▶ _How to complete this task_
Return the whole listing unchanged. Drop the images.

▶ _Source data_
☆ ☆ ☆ ☆ ☆ ☆ ☆

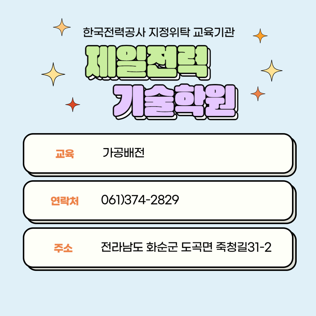 전남 화순 제일전력학원에서 준비 가능합니다!
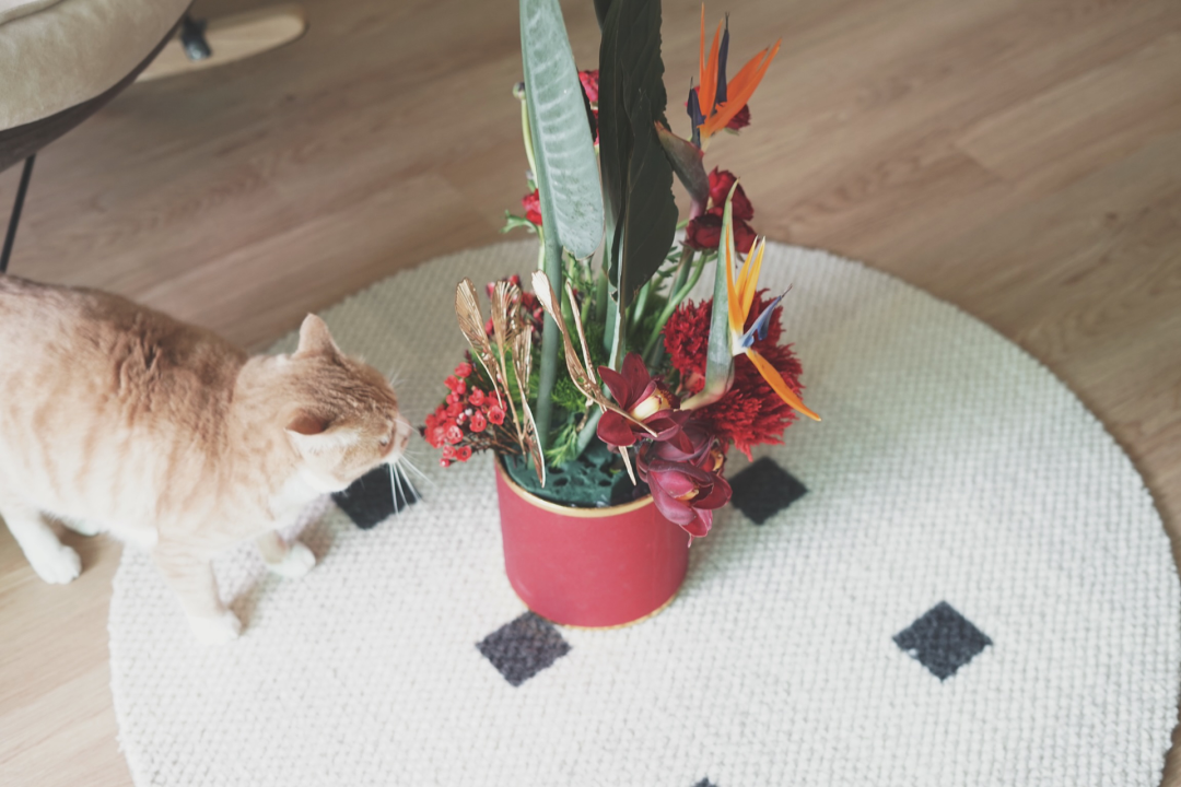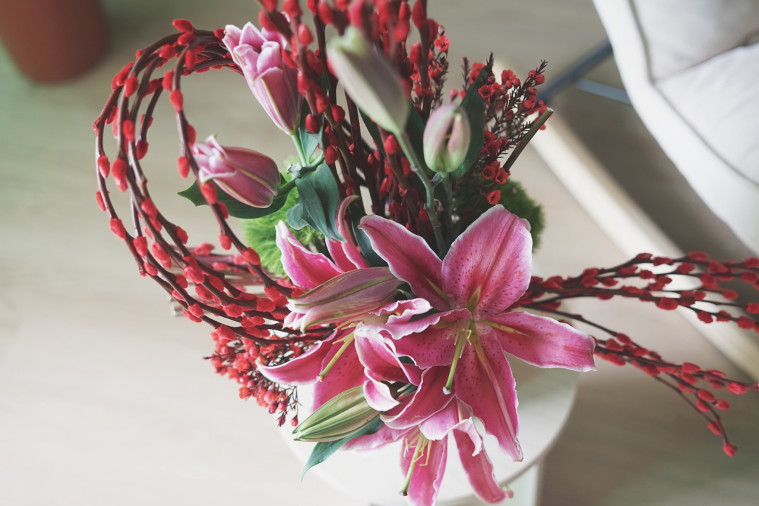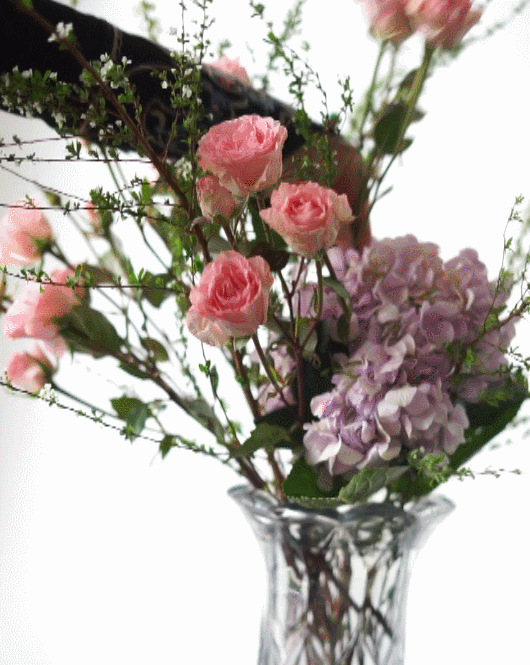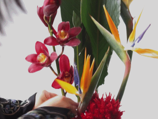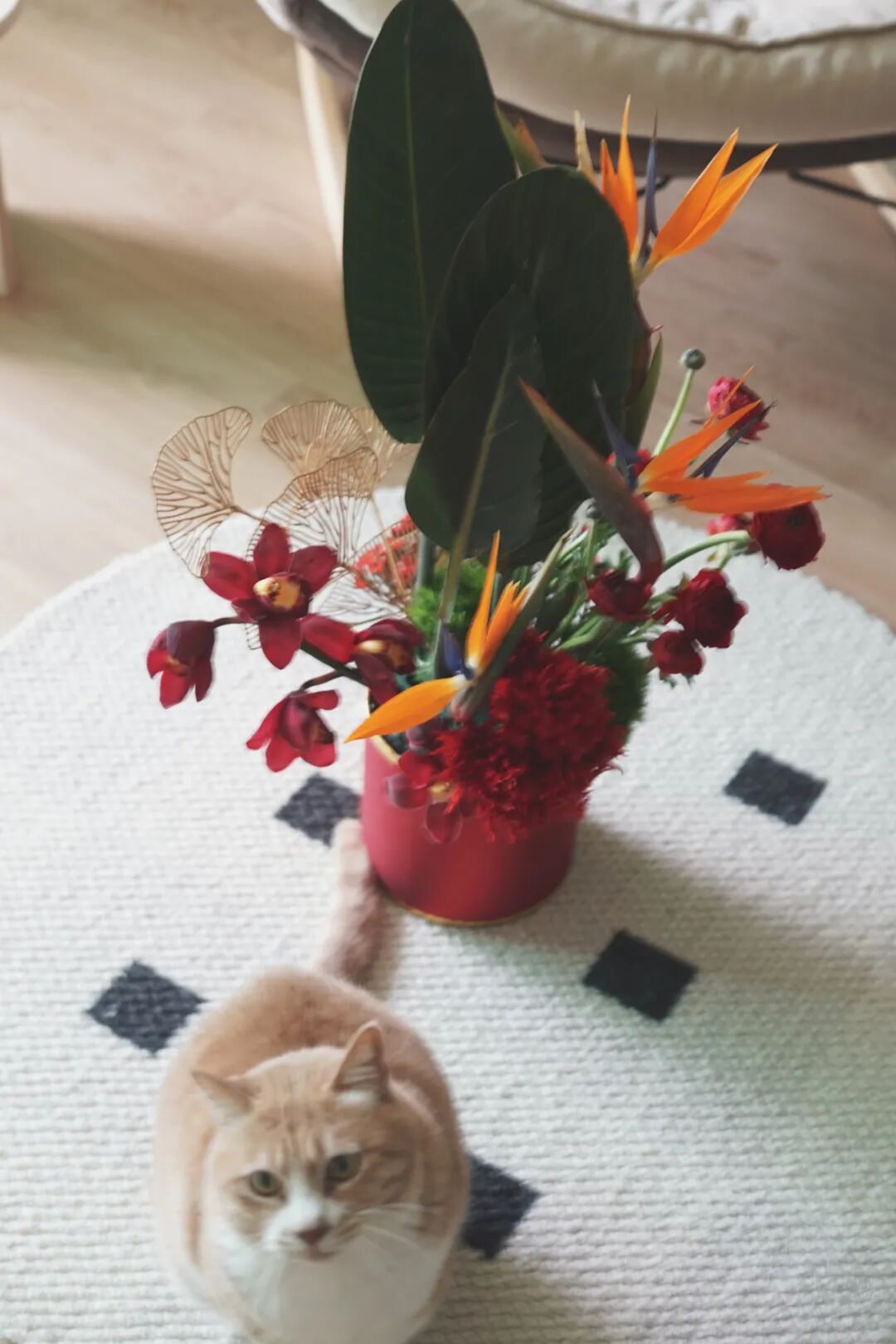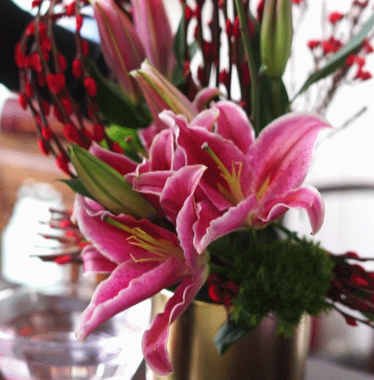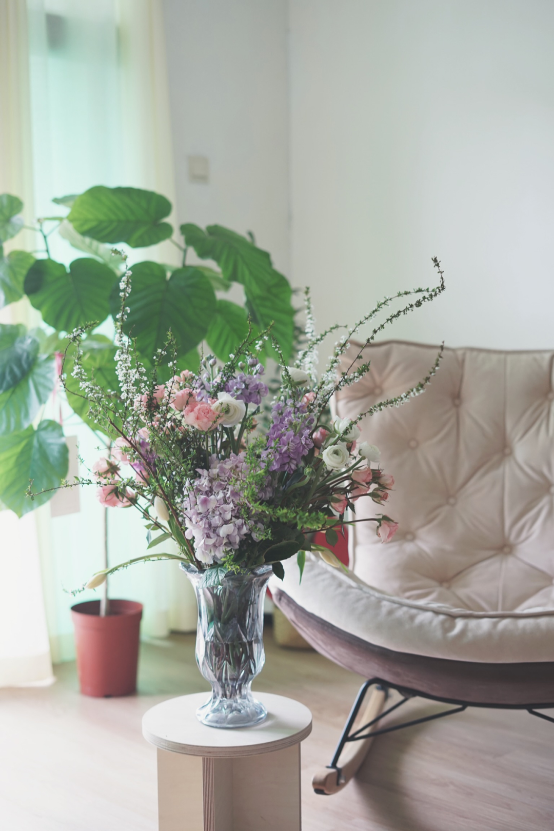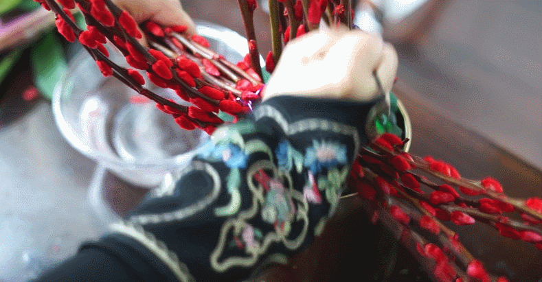 3、插好的花需要保鲜,才能从初一开到初七,花泥一开始已经吸满了水,三四天后再往里面加一点水补充即可,水插的话,可以提前往水里加一包可利鲜。
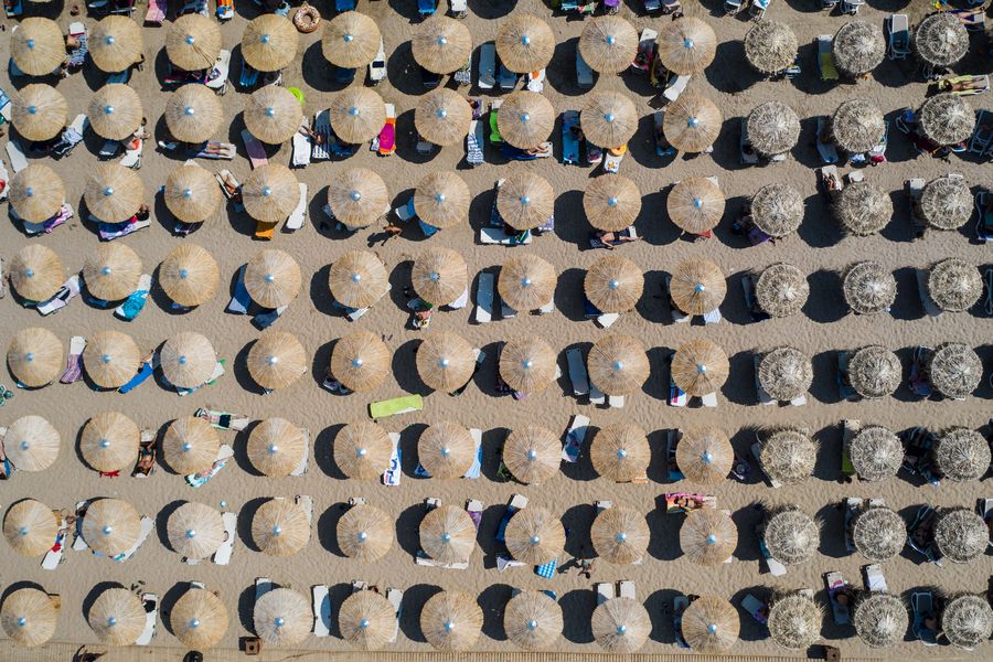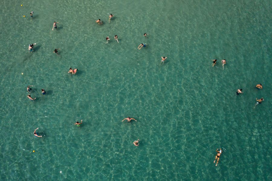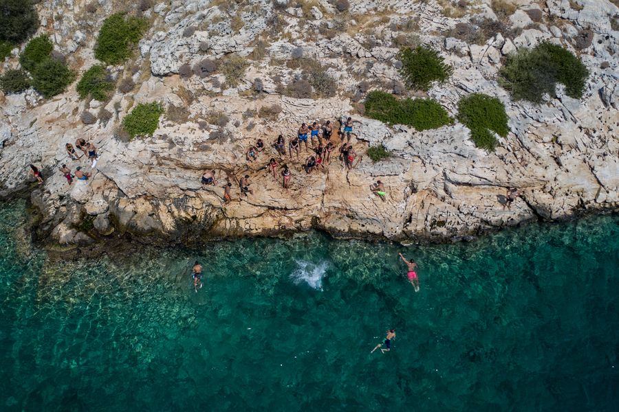An aerial view of Varkiza, one of the largest and most popular beaches of Attica, in Athens, Greece. (Xinhua/Lefteris Partsalis)
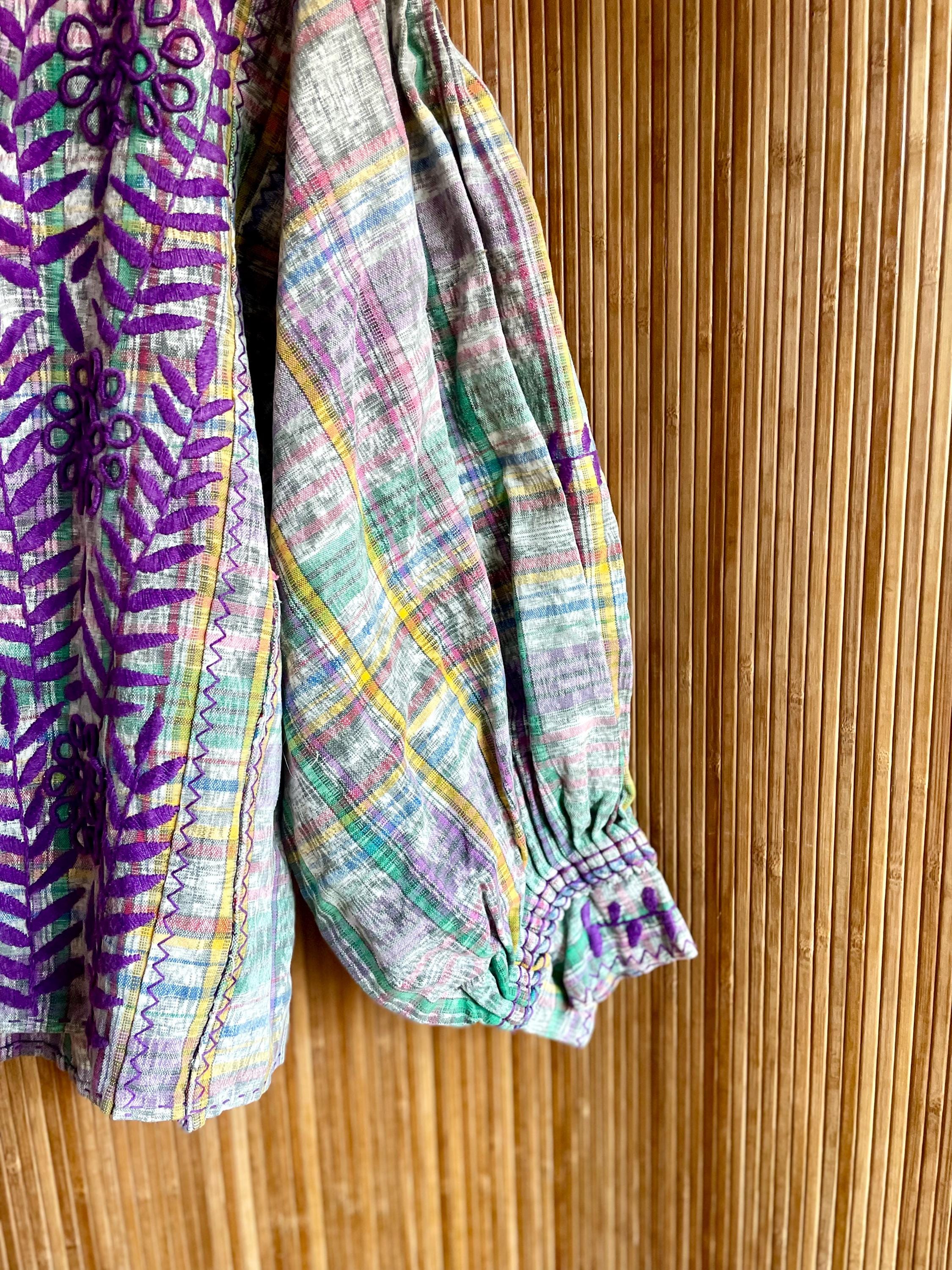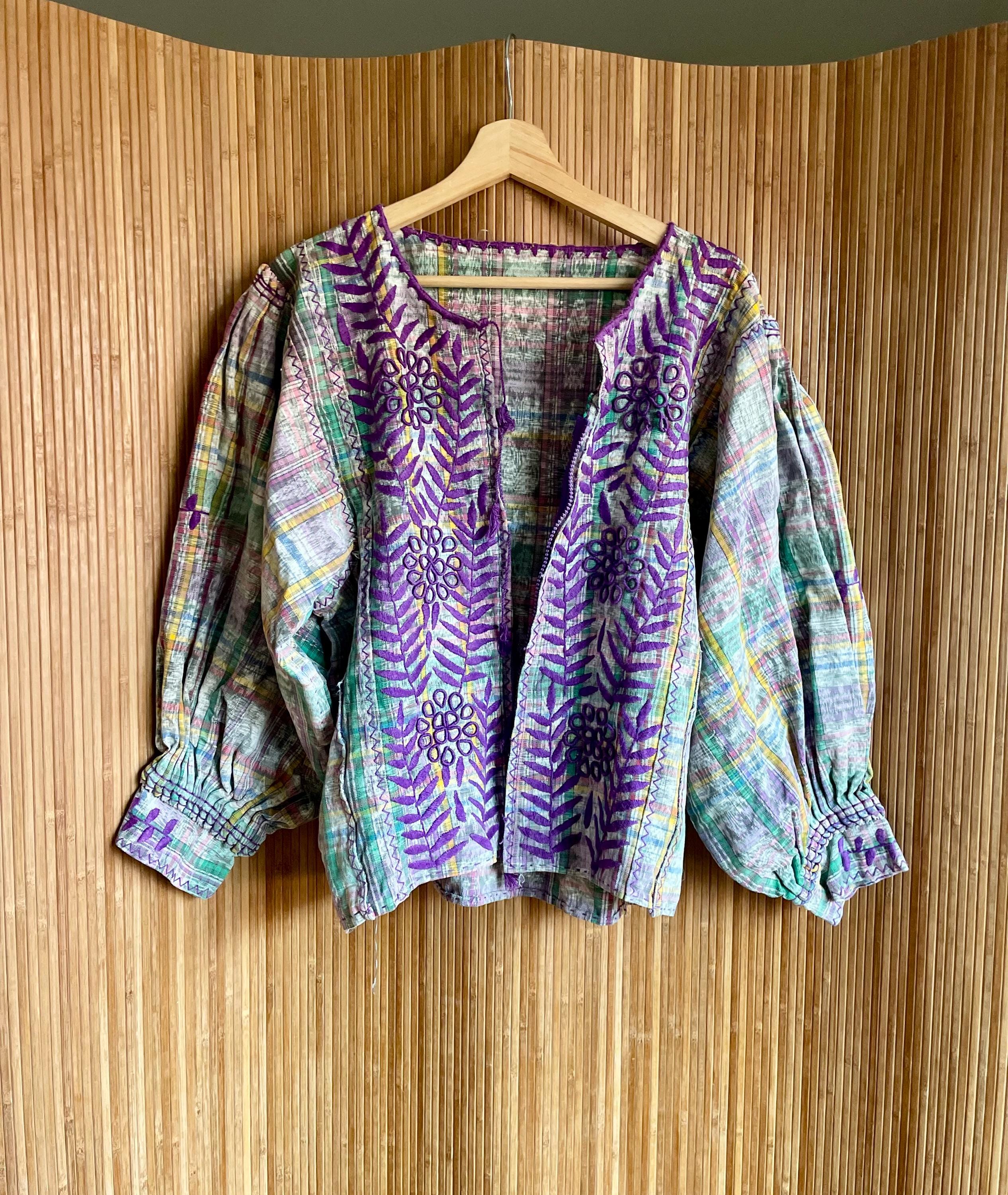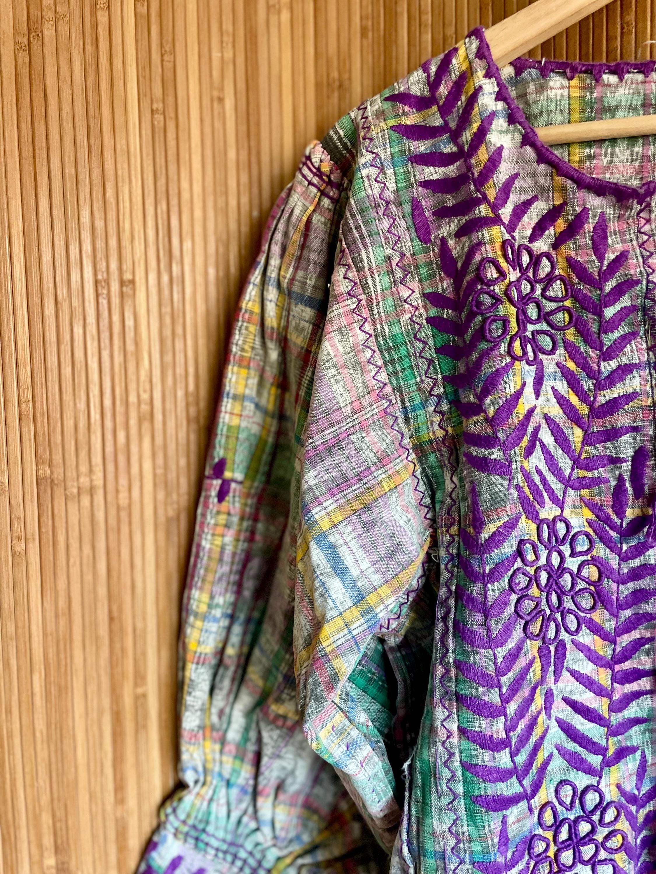 A striking vintage Chiapas jacket crafted from richly textured, ikat-inspired handwoven cotton, featuring bold purple embroidery and softly gathered sleeves. This piece reflects the vibrant textile traditions of southern Mexico, where color, pattern, and handwork tell cultural stories passed through generations.

☆ ☆ ☆ ☆ ☆ ☆ ☆

▶ _Task solution_
 전남 화순 제일전력학원에서 준비 가능합니다!
 3、插好的花需要保鲜,才能从初一开到初七,花泥一开始已经吸满了水,三四天后再往里面加一点水补充即可,水插的话,可以提前往水里加一包可利鲜。
An aerial view of Varkiza, one of the largest and most popular beaches of Attica, in Athens, Greece. (Xinhua/Lefteris Partsalis)
 A striking vintage Chiapas jacket crafted from richly textured, ikat-inspired handwoven cotton, featuring bold purple embroidery and softly gathered sleeves. This piece reflects the vibrant textile traditions of southern Mexico, where color, pattern, and handwork tell cultural stories passed through generations.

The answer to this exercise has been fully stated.